16자리의 송하인과 수하인의 정보가 사용 가능하면 추가적으로 사용하고자 하였다.
Training set에서 16자리의 정보를 가지고 송하인과 수하인의 평균값을 구하여 feature로 사용시 MSE가 6점대가 나왔다.
그 전 MSE는 30점 대였다
# After ML
train['Send16Digit'] = train['SEND_SPG_INNB']
train['Rec16Digit'] = train['REC_SPG_INNB']
# convert int to str
train['SEND_SPG_INNB'] = train['SEND_SPG_INNB'].apply(str)
train['REC_SPG_INNB'] = train['REC_SPG_INNB'].apply(str)
# slice the index numbers
train['SEND_SPG_INNB'] = train['SEND_SPG_INNB'].str.slice(start=0, stop=4)
train['REC_SPG_INNB'] = train['REC_SPG_INNB'].str.slice(start=0, stop=4)
# After ML
test['Send16Digit'] = test['SEND_SPG_INNB']
test['Rec16Digit'] = test['REC_SPG_INNB']
# convert int to str
test['SEND_SPG_INNB'] = test['SEND_SPG_INNB'].apply(str)
test['REC_SPG_INNB'] = test['REC_SPG_INNB'].apply(str)
# slice the index numbers
test['SEND_SPG_INNB'] = test['SEND_SPG_INNB'].str.slice(start=0, stop=4)
test['REC_SPG_INNB'] = test['REC_SPG_INNB'].str.slice(start=0, stop=4)

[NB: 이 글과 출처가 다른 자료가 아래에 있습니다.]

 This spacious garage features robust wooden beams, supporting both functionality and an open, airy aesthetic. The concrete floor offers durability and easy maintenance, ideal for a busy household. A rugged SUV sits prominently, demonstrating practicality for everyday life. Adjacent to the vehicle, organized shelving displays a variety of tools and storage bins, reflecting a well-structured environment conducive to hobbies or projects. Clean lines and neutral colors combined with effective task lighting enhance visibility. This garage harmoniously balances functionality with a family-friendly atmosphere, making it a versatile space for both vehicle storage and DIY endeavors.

# 각 16자리로 이루어진 수하인과 송하인에 대한 feature engineering 을 진행하였다.
# Send 16
Send16_count = train.groupby('Send16Digit').count()['INVC_CONT'].sort_values(ascending=False)
Send16_count_total = train.groupby('Send16Digit').sum()['INVC_CONT'].sort_values(ascending=False)
# Rec 16
Rec16_count = train.groupby('Rec16Digit').count()['INVC_CONT'].sort_values(ascending=False)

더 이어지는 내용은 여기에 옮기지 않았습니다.